Re: Performance Bottleneck - Mailing list pgsql-performance

From Tom Lane
Subject Re: Performance Bottleneck
Date
Msg-id 24609.1091836821@sss.pgh.pa.us
Whole thread Raw
In response to Re: Performance Bottleneck  (Martin Foster <martin@ethereal-realms.org>)
Responses Re: Performance Bottleneck
List pgsql-performance
Martin Foster <martin@ethereal-realms.org> writes:
> Gaetano Mendola wrote:
>> change this values in:
>> shared_buffers = 50000
>> sort_mem = 16084
>>
>> wal_buffers = 1500

This value of wal_buffers is simply ridiculous.

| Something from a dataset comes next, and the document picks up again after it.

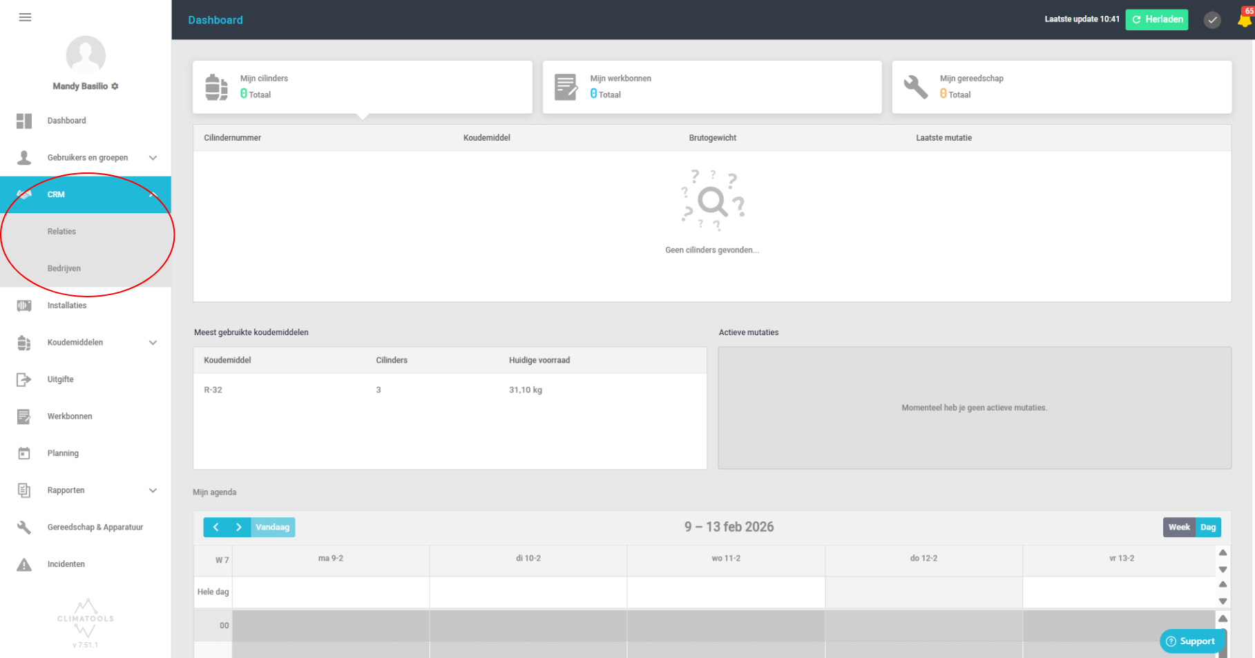 1. Ga naar het CRM in Climatools (relaties of bedrijven).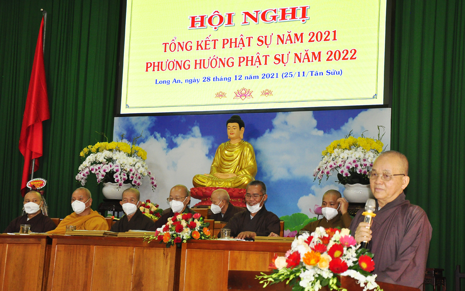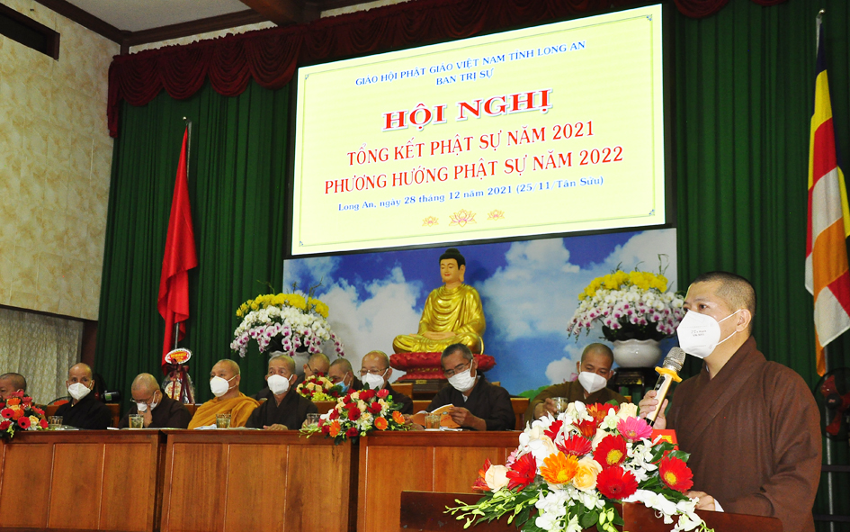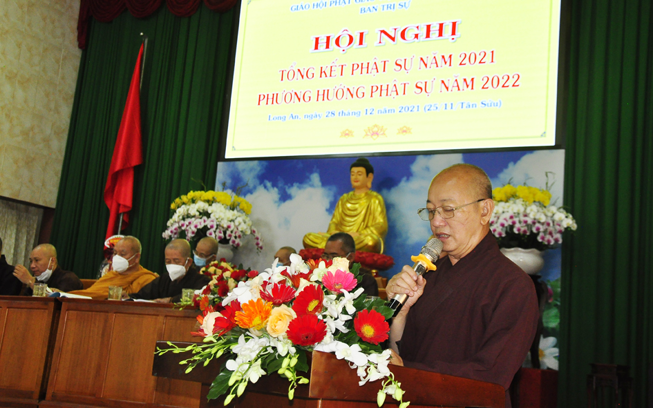 Thượng toạ Thích Quảng Tâm trình bày phương hướng hoạt động Phật sự năm 2022. Thượng tọa cho biết, trong năm 2022 những hoạt động Phật sự trọng tâm của Ban Trị sự là tổ chức Đại hội Đại biểu Phật giáo tỉnh Long An nhiệm kỳ 2022-2027 vào quý II năm 2021, tổ chức trọng thể Đại lễ Phật đản PL 2566 và 11 trú xứ ACKH, khóa bồi dưỡng trụ trì-hành chánh Giáo hội. Quan tâm duy trì và phát triển 300 đạo tràng tu học cho Phật tử hướng đến mở lớp Sơ cấp Phật học cho cư sĩ Phật tử.

There isn't any reason to set wal_buffers higher than the amount of
WAL log data that will be generated by a single transaction, because
whatever is in the buffers will be flushed at transaction commit.
If you are mainly dealing with heavy concurrency then it's the mean time
between transaction commits that matters, and that's even less than the
average transaction length.

Even if you are mainly interested in the performance of large updating
transactions that are not concurrent with anything else (bulk data load,
perhaps), I'm not sure that I see any value in setting wal_buffers so
high.  The data will have to go to disk before commit in any case, and
buffering so much of it just means that you are going to have a serious
spike in disk traffic right before commit.  It's almost certainly better
to keep wal_buffers conservatively small and let the data trickle out as
the transaction proceeds.  I don't actually think there is anything very
wrong with the default value (8) ... perhaps it is too small, but it's
not two orders of magnitude too small.

In 8.0, the presence of the background writer may make it useful to run
with wal_buffers somewhat higher than before, but I still doubt that
order-of-a-thousand buffers would be useful.  The RAM would almost
certainly be better spent on general-purpose disk buffers or kernel
cache.

Note though that this is just informed opinion, as I've never done or
seen any benchmarks that examine the results of changing wal_buffers
while holding other things constant.  Has anyone tried it?